### Dataset extract
-- -- --

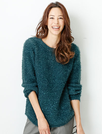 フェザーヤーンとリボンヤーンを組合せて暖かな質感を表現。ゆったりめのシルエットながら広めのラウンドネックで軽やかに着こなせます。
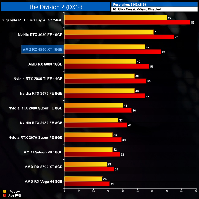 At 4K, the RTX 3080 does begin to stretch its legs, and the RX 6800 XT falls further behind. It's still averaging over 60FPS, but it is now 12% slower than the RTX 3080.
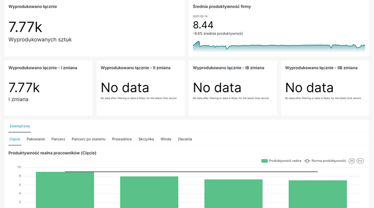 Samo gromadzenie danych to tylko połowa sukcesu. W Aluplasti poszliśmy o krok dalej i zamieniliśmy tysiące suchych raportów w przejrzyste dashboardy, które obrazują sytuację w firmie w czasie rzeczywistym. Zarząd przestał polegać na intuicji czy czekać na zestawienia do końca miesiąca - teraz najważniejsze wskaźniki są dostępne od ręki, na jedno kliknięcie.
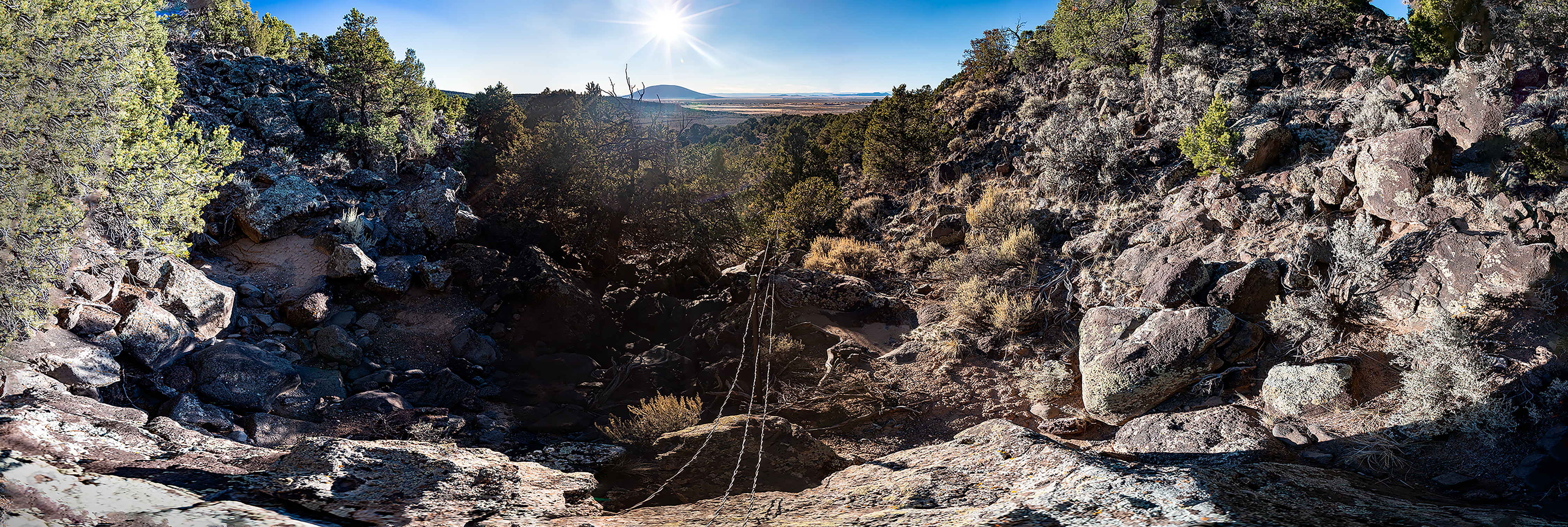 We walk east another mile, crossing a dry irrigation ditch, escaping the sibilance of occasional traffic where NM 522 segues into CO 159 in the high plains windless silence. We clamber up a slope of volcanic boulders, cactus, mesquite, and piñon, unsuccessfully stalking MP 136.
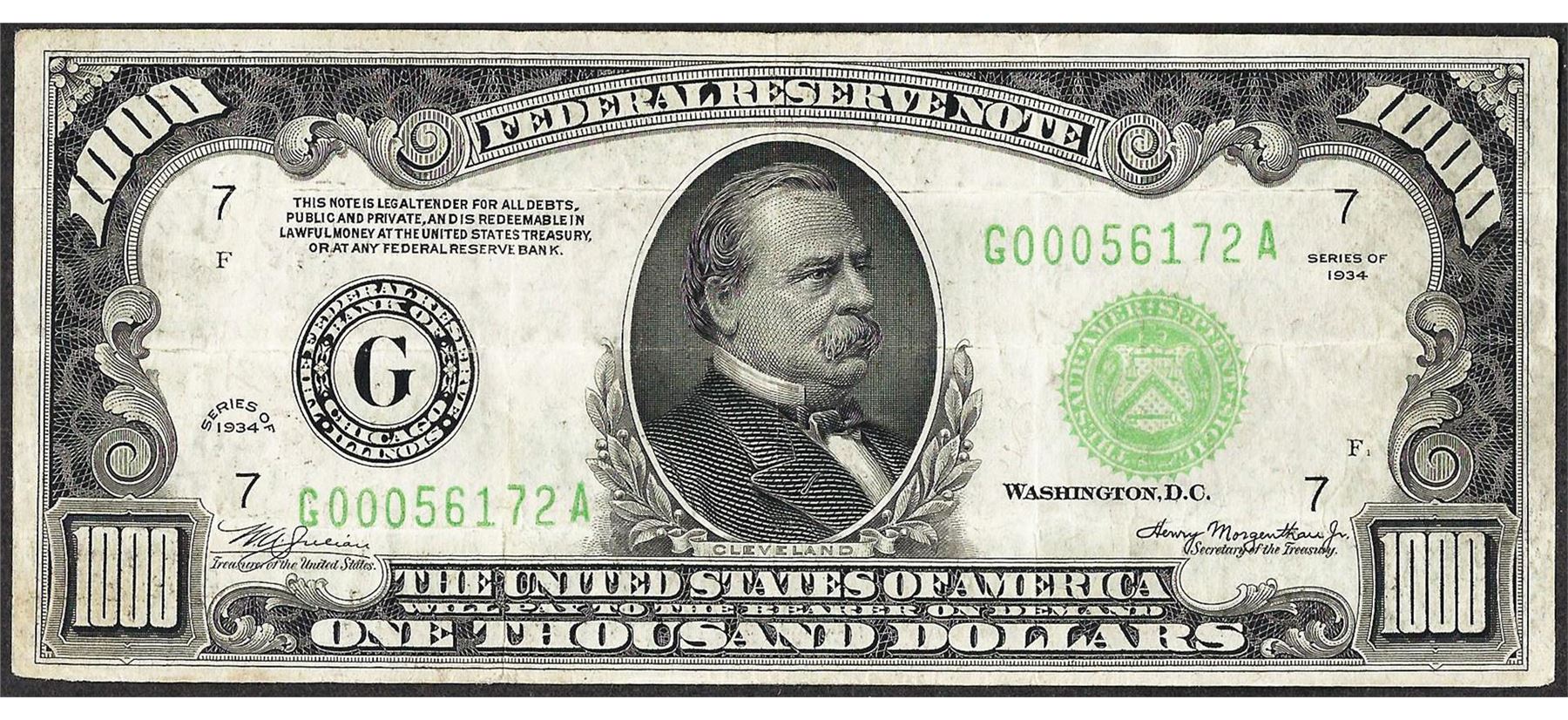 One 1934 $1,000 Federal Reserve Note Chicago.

-- -- --

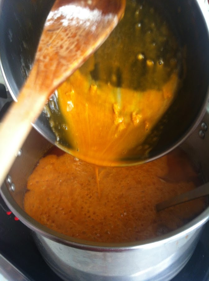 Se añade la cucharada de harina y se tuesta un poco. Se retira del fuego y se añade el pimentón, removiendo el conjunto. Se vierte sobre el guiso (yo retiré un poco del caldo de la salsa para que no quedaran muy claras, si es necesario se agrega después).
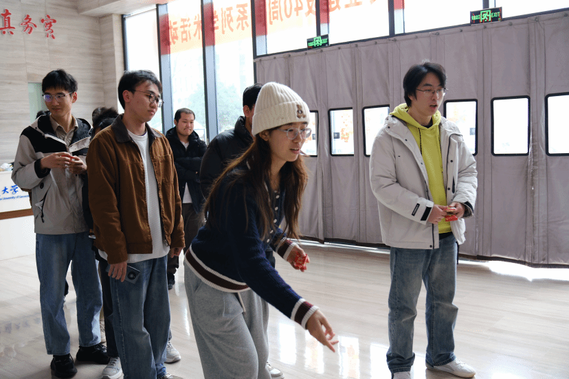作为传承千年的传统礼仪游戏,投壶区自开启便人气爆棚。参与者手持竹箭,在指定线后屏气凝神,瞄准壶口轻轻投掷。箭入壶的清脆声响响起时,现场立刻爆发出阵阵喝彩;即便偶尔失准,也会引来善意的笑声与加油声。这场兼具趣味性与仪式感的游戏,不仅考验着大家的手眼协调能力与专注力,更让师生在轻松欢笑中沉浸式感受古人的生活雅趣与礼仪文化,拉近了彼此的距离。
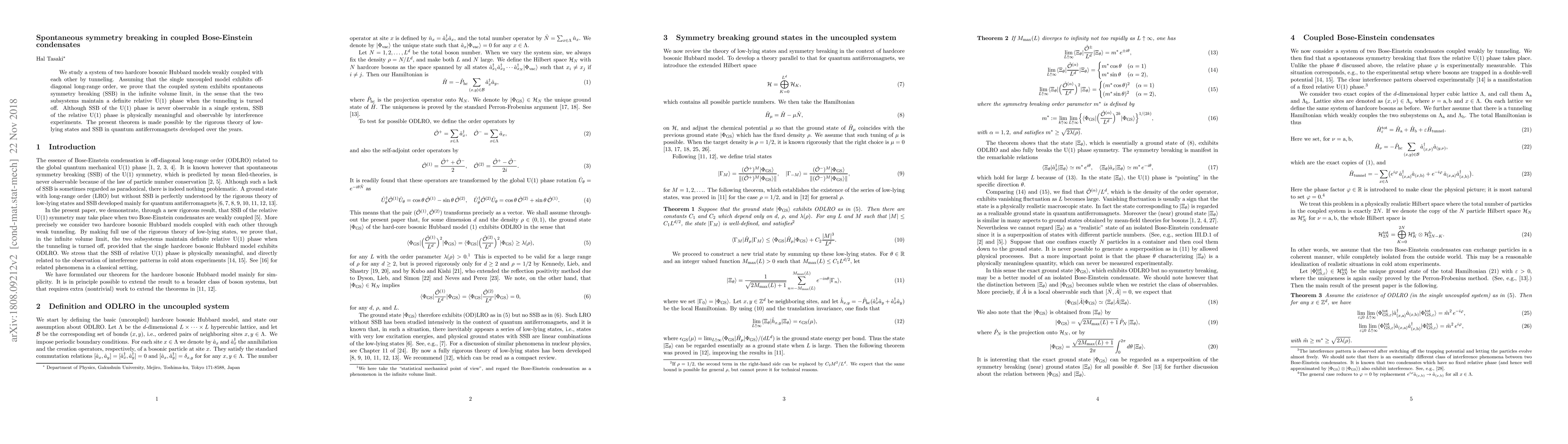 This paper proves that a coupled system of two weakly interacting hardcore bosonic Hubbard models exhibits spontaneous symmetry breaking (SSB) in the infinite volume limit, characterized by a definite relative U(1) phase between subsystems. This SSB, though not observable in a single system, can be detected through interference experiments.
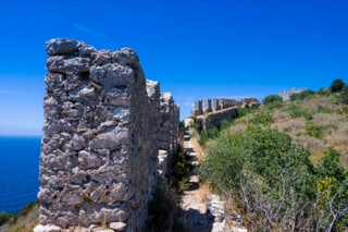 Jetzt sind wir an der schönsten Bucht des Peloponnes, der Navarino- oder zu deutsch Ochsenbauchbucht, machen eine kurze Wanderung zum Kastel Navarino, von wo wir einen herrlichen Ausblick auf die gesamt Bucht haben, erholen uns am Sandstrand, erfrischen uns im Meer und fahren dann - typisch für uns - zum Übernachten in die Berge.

-- -- --

### Work item
Print, exactly and with no pictures, the lines of the listing above starting at the one that has "Se añade la" and ending at the one that has "Jetzt sind wir", both included.

### Response to this exercise
 Se añade la cucharada de harina y se tuesta un poco. Se retira del fuego y se añade el pimentón, removiendo el conjunto. Se vierte sobre el guiso (yo retiré un poco del caldo de la salsa para que no quedaran muy claras, si es necesario se agrega después).
作为传承千年的传统礼仪游戏,投壶区自开启便人气爆棚。参与者手持竹箭,在指定线后屏气凝神,瞄准壶口轻轻投掷。箭入壶的清脆声响响起时,现场立刻爆发出阵阵喝彩;即便偶尔失准,也会引来善意的笑声与加油声。这场兼具趣味性与仪式感的游戏,不仅考验着大家的手眼协调能力与专注力,更让师生在轻松欢笑中沉浸式感受古人的生活雅趣与礼仪文化,拉近了彼此的距离。
 This paper proves that a coupled system of two weakly interacting hardcore bosonic Hubbard models exhibits spontaneous symmetry breaking (SSB) in the infinite volume limit, characterized by a definite relative U(1) phase between subsystems. This SSB, though not observable in a single system, can be detected through interference experiments.
 Jetzt sind wir an der schönsten Bucht des Peloponnes, der Navarino- oder zu deutsch Ochsenbauchbucht, machen eine kurze Wanderung zum Kastel Navarino, von wo wir einen herrlichen Ausblick auf die gesamt Bucht haben, erholen uns am Sandstrand, erfrischen uns im Meer und fahren dann - typisch für uns - zum Übernachten in die Berge.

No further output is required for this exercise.